The historical long lines at polling stations all over Florida were not by accident.
It was intentional.
Current and former Florida GOP leaders told the Palm Beach Post on November 25 that the new voting law, HB 1355, was designed to inhibit and discourage Democratic voters. Former Republican Party of Florida chairman Jim Greer, former Gov. Charlie Crist and two GOP consultants admitted to the Post that the law that was meant to fight voter fraud and save money, was just a cover up to subterfuge for the laws real purpose: To ensure a GOP victory.
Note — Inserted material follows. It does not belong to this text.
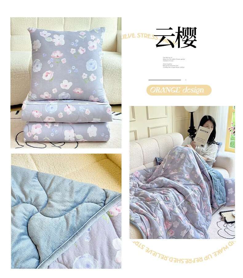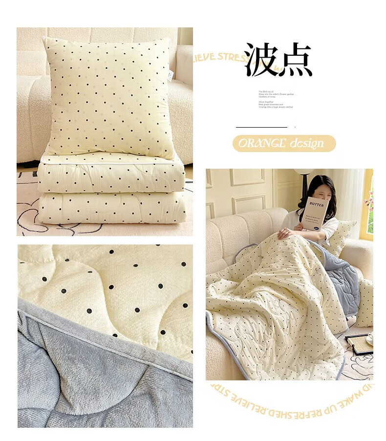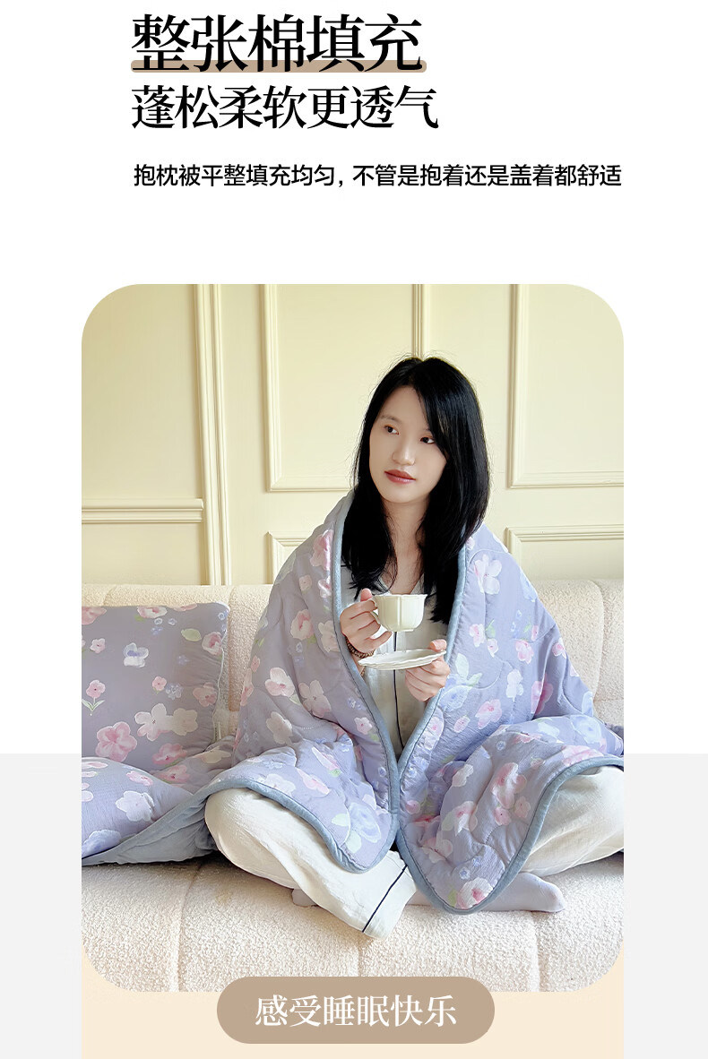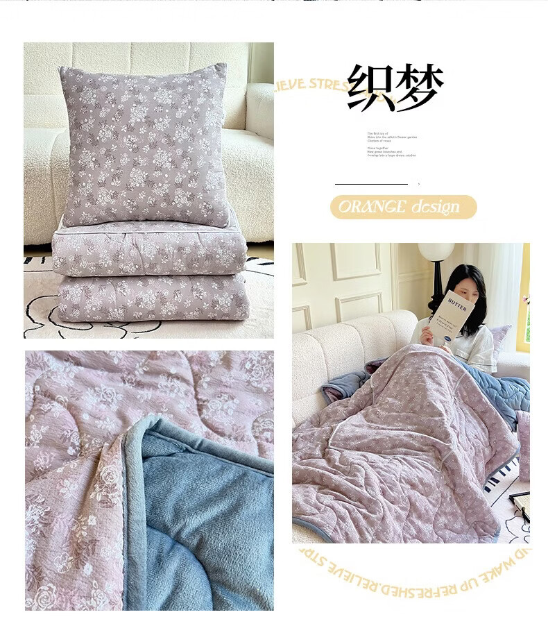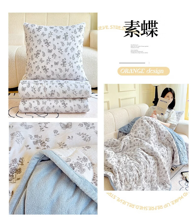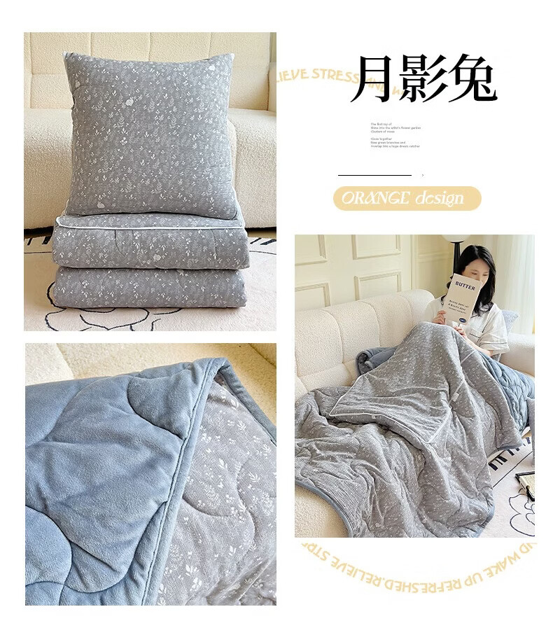 超柔水晶绒面料,亲肤柔软细腻;合上是抱枕,打开是多功能盖毯,一物多用;A版木棉面料 B版水晶绒面料 填充 整张棉填充
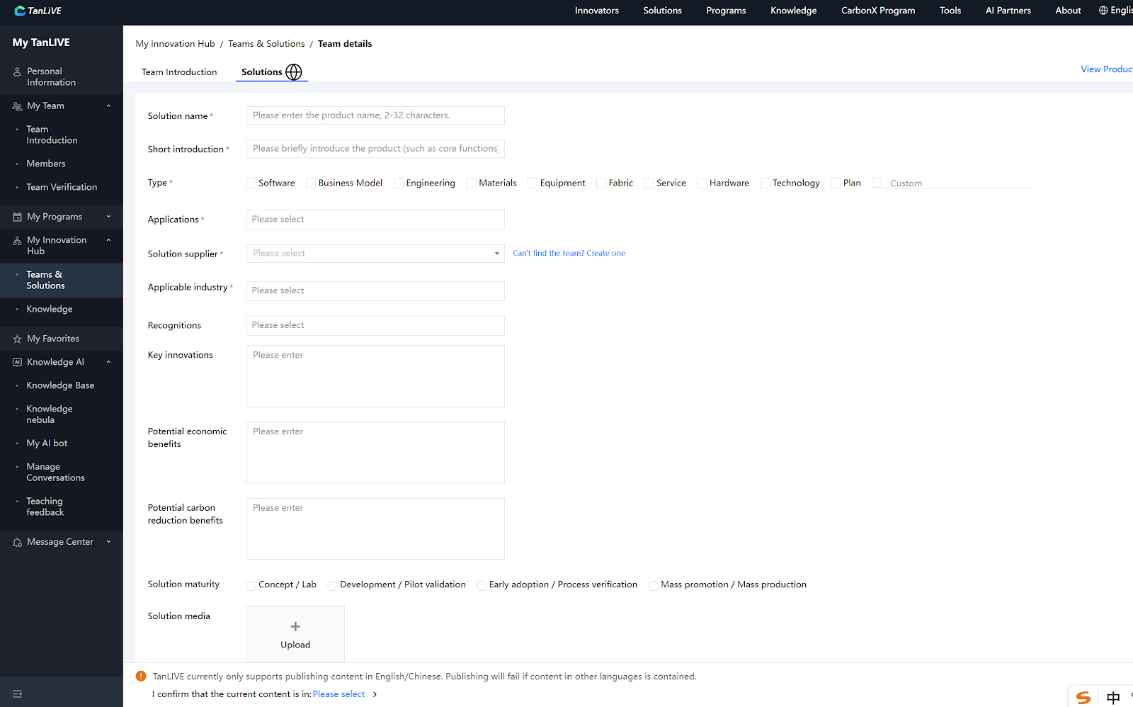 ℹ️ You are encouraged to fill in the “potential economic benefits” and “potential carbon reduction benefits” fields of the solution for a better matchmaking and spotlight on the CTS

Greer told the Post that starting in 2009; he attended various meetings at which party staffers and consultants tried to push for a reduction in early voting hours and days. Greer told the Post:
The Republican Party, the strategist, the consultants, they firmly believe that early voting is bad for Republican Party candidates. It’s done for one reason and one reason only…’We’ve got to cut down on early voting because early voting is not good for us.’ They never came in to see me and tell me we had a voter fraud issue. It’s was all a marketing ploy.
Brian Burgess, the current Florida GOP spokesman, told the Post that Greer is under an indictment, accused of stealing over $200,000 form the part through bogus campaign fundraising operations. Burgess told the Post:
Jim Greer has been accused of criminal acts against this organization and anything he says has to be considered in that light.
Greer is suing the GOP, claiming that the party knew about his dealings and voiced no objection. But Greer is not the only one expressing concern about the voting law. His allegations are also backed by former governor Crist and two GOP campaign consultants.
Wayne Bertsch, who handles legislative and Palm Beach County races for the GOP, told the Post that he knew the main goal of the voting law was to suppress Democratic voters. He told the Post:
In the races I was involved in in 2008, when we started seeing the increase of turnout and the turnout operations that the Democrats were doing in early voting, it certainly sent a chill down our spines. And in 2008, it didn’t have the impact that we were afraid of. It got close, but it wasn’t the impact that they had this election cycle.
He was referring to the elections earlier this month, when the Democrats picked up seven Florida legislative seats despite the restrictions imposed by the voting law. Another GOP consultant, who wanted to keep his name hidden in fear of retribution, confirmed Bertsch statements that the Florida GOP was determined to beat back the Democrats advantage in early voting.
The law was born in 2008, when Democrats, especially African-Americans, showed up to the polls in unprecedented numbers to give president Obama a victory in Florida, with many Democratic voters voting early. Three years later, the Republicans, who now had super majorities in both the state House and Senate, passed HB 1355, which slashed early voting in half, from 14 days to just eight. The law also greatly reduced the days that voter groups could register voters, which hindered groups such as the League of Women Voters. The League and other voting activist groups took the new law to court and a federal judge tossed out the registration part of the law, but keep the cut in early voting intact.
Former governor Charlie Crist told the Post that party leaders approached him about finding a was to cut early voting. Crist, who is no longer with the Republican Party, turned the idea of slashing early voting down, citing that the law specifically targeted black voters. He told the Post:
It looked like that was what was being suggested. And I didn’t want them to go there at all.
Greer told the Post about inhibiting minority voters:
The sad thing about that is yes, there is prejudice and racism in the party but real prevailing thought is that they don’t think minorities will ever vote Republican. It’s not really a broad based racist issue. It’s simply that the Republican Party gave up a long time ago ever believing that anything they did would get minorities to vote for them.
The GOP consultant, who refused to be named, backed up Greer’s statement about black voters. He told the Post:
I know that the cutting out of the Sunday before Election Day was one of their targets only because that’s a big day when the black churches organize themselves.
Burgess discounted Crist statements. He told the Post:
Charlie Crist speaks out of both sides of his mouth.
But early voting was not the GOP’s only concern. Another problem was the growing Latino population. The GOP pushed to remove Florida Supreme Court judges and purge the voting rolls of people who might not be U.S citizens. Under current Gov. Rick Scott, the Division of Elections issued a purge list of non-citizen voters, which according to the Post were criticized by several county election supervisors for being filled with errors. The voter purge was challenged several times in court, and almost all of the state’s election supervisors killed the voter purge effort months before the presidential election.
HB 1355 proved to be futile in the November elections, as seven Democrats were voted to serve in Tallahassee and three Democrats were sent to Washington, D.C. And Barack Obama, after a lengthy count process, won the state over Republican challenger Mitt Romney.